Recognizing that the utility of nanomembranes for BBB and other barrier studies would only be realized if non-engineering laboratories could quickly and independently access the tool became the major impetus for the modular µSiM4—a manufactured yet flexible platform designed to make reproducible nanomembrane-based cell culture broadly available. McCloskey et al.4 introduced the modular µSiM design as a novel snap-together chip that that could be assembled from mass-produced components without microfabrication expertise. The paper also introduced the use of hiPSC-derived brain microvascular endothelial cells and validated novel µSiM-specific assays for permeability, inflammatory stimulation and response, imaging, and immune cell transmigration, with reproducibility demonstrated between Rochester and Bern.
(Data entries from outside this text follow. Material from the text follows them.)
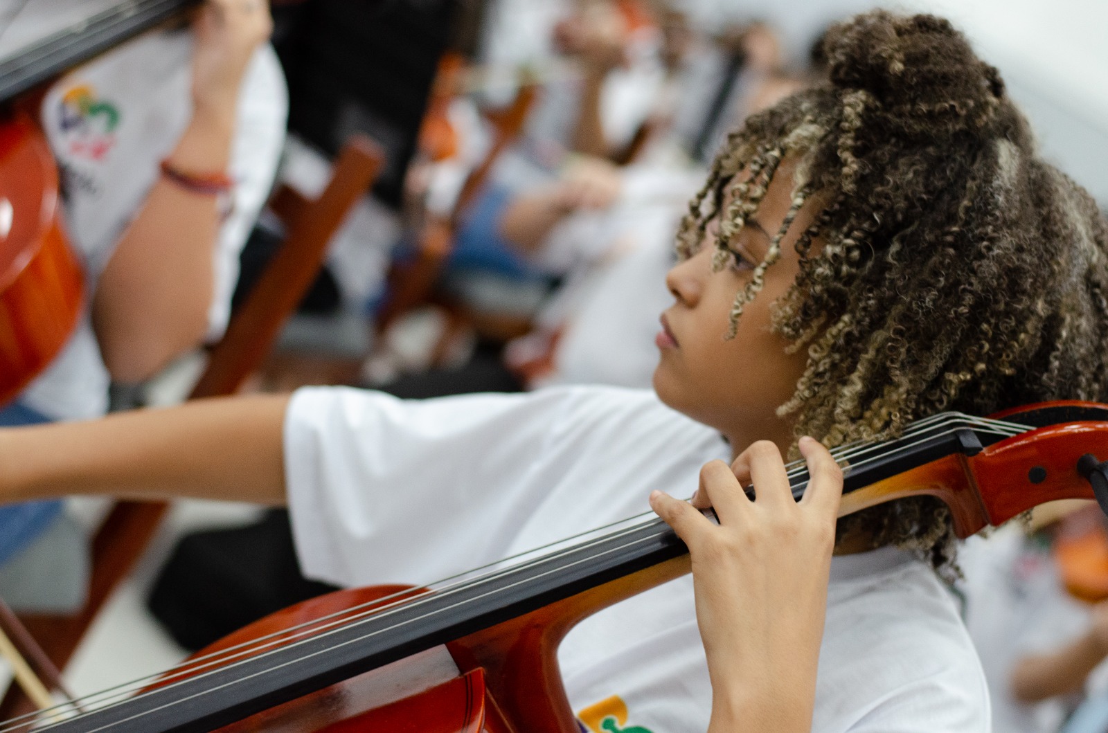 Alunos do projeto que ensina violino, violoncelo e canto coral para crianças e adolescentes vão tocar às 10h, na plataforma do Expresso Turístico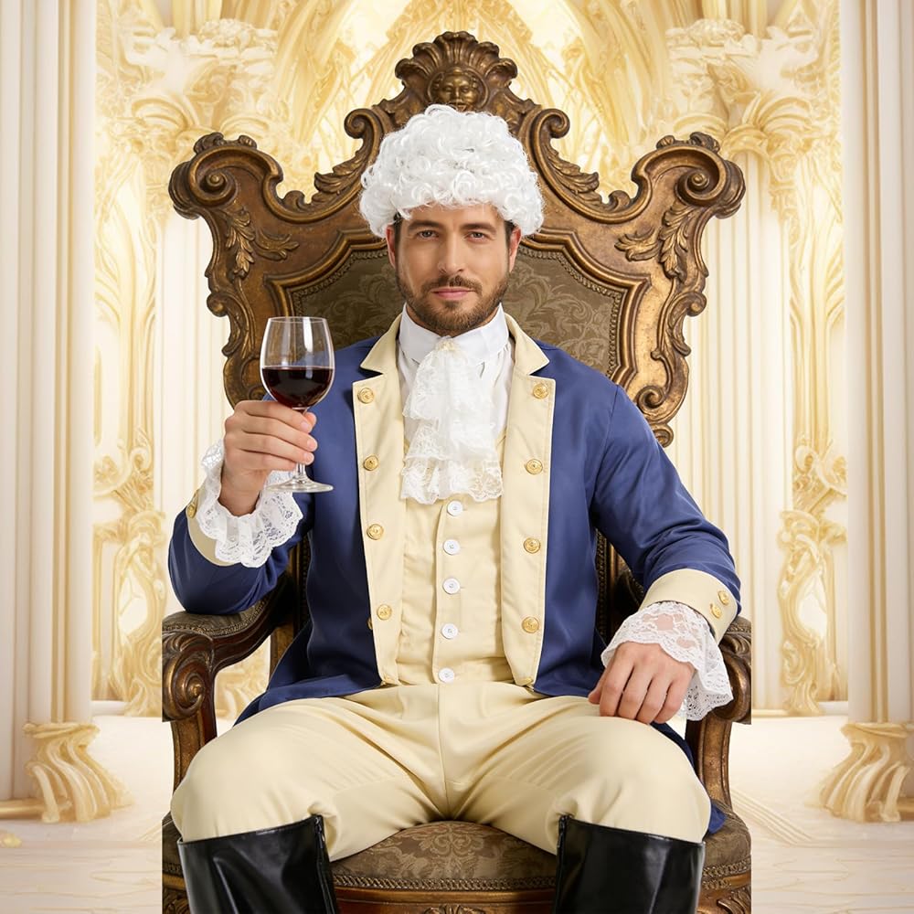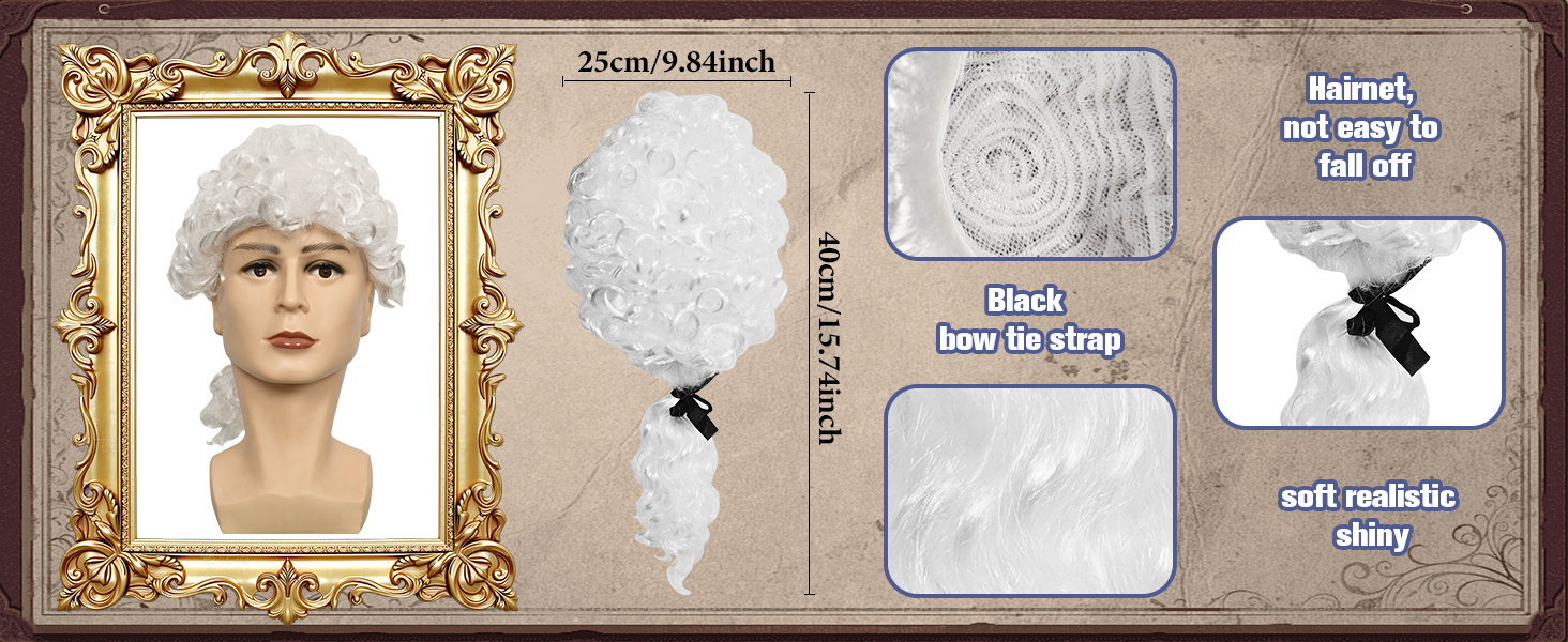 سهل التشغيل: الشعر المستعار التنكري للآباء المؤسسين الخاص بنا مجهز بشبكة ذات حواف، ويمكن تثبيته على رأسك بإحكام، وليس من السهل أن يسقط؛ بالإضافة إلى ذلك، فإن الأساور والياقة قابلة للتعديل ومرنة، ويمكن استخدامها لكل من النساء والرجال، والبالغين يمكنك تعديلها وفقًا لتفضيلاتك واحتياجاتك.
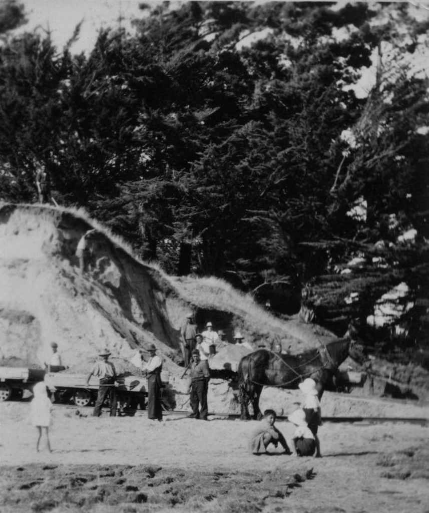 A horse and cart being used by a number of men who are clearing a sandhill for the Woolpack and Textiles factory site 1933.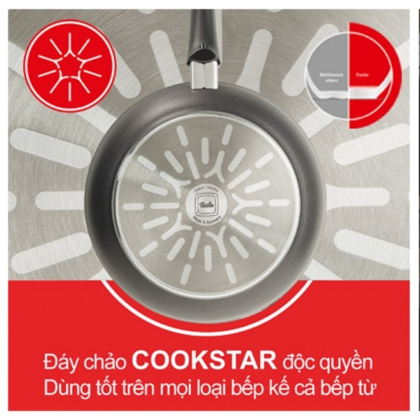 - Đế Fissler Cookstar độc quyền, tiết kiệm năng lượng giúp phân phối nhiệt tối ưu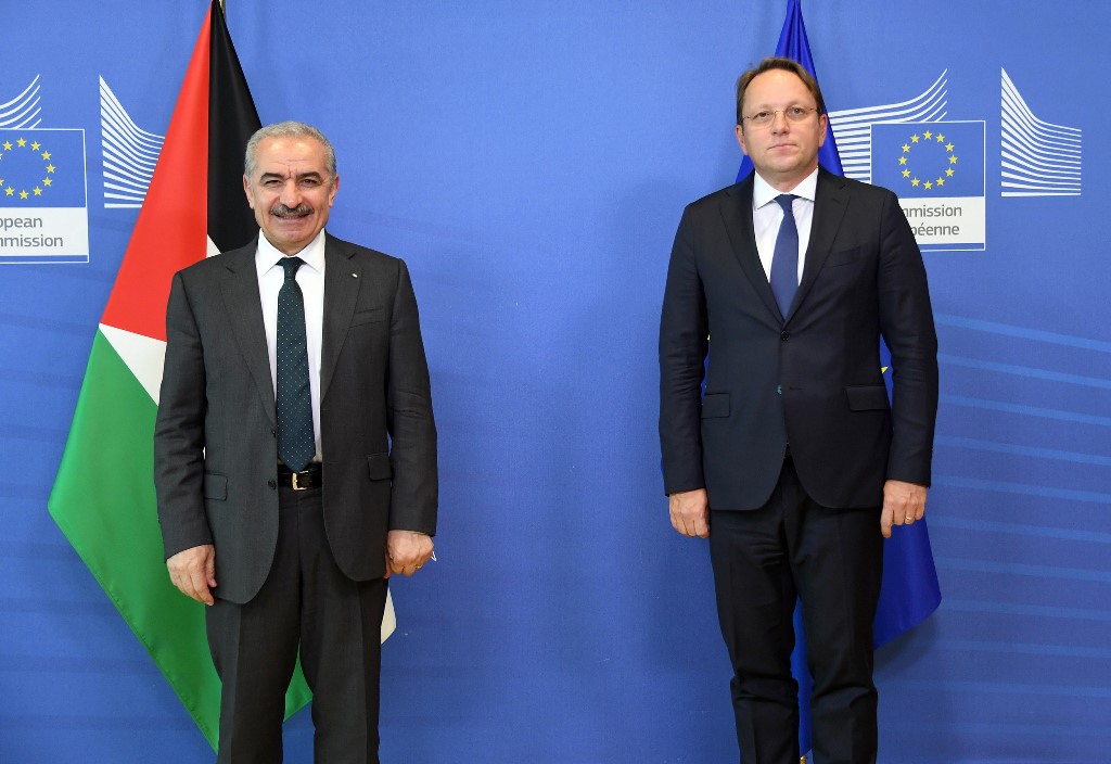 وبحث اشتية مع فارهيلي سبل تعزيز دعم الاتحاد الأوروبي المالي لفلسطين، وتجاوز المعيقات الفنية وغيرها، خاصة في ظل تراجع الدعم الخارجي الدولي خلال الأعوام الماضية.

In a companion study, Mansouri et al5 introduced a reconfigurable flow module for the modular µSiM that adds microfluidic shear conditioning and perfusion on demand, allowing users to culture cells with standard open-well protocols and then switch to physiologic flow to study shear-dependent endothelial responses and immune-cell transmigration. A follow-up study from the University of Michigan further leveraged the modularity of the µSiM format by interfacing the device with a particle-based digital ELISA plate, enabling longitudinal, apical-to-basal profiling of cytokine secretion from brain microvascular endothelial cells following an inflammatory challenge.6

More recent work has extended the µSiM-based BBB to incorporate higher-order cellular, structural, and functional features, increasing both its physiological relevance and its utility for probing disease mechanisms. McCloskey, Ahmad, et al.7 used isogenically matched hiPSC-derived pericyte-like cells to demonstrate that pericytes enrich the abluminal basement membrane and selectively regulate neutrophil transmigration under sepsis-like cytokine stimulation, establishing a human reductionist model for pericyte-dependent inflammatory gating at the BBB. Trempel et al.8 further revealed that pericytes not only stabilize barrier function but actively repair engineered defects in the basement membrane – restoring laminin continuity, preventing BMEC transmigration through large micropores, and modeling a fundamental structural maintenance role previously inaccessible in vitro. In parallel, Chen et al.9 introduced microfluidic shear conditioning to the BBB on the µSiM for the first time, demonstrating both the anti-inflammatory effects of physiologic flow on endothelial activation and the successful transduction of a circulating inflammatory challenge into a canonical hallmark of CNS injury, astrocyte activation reminiscent of astrogliosis.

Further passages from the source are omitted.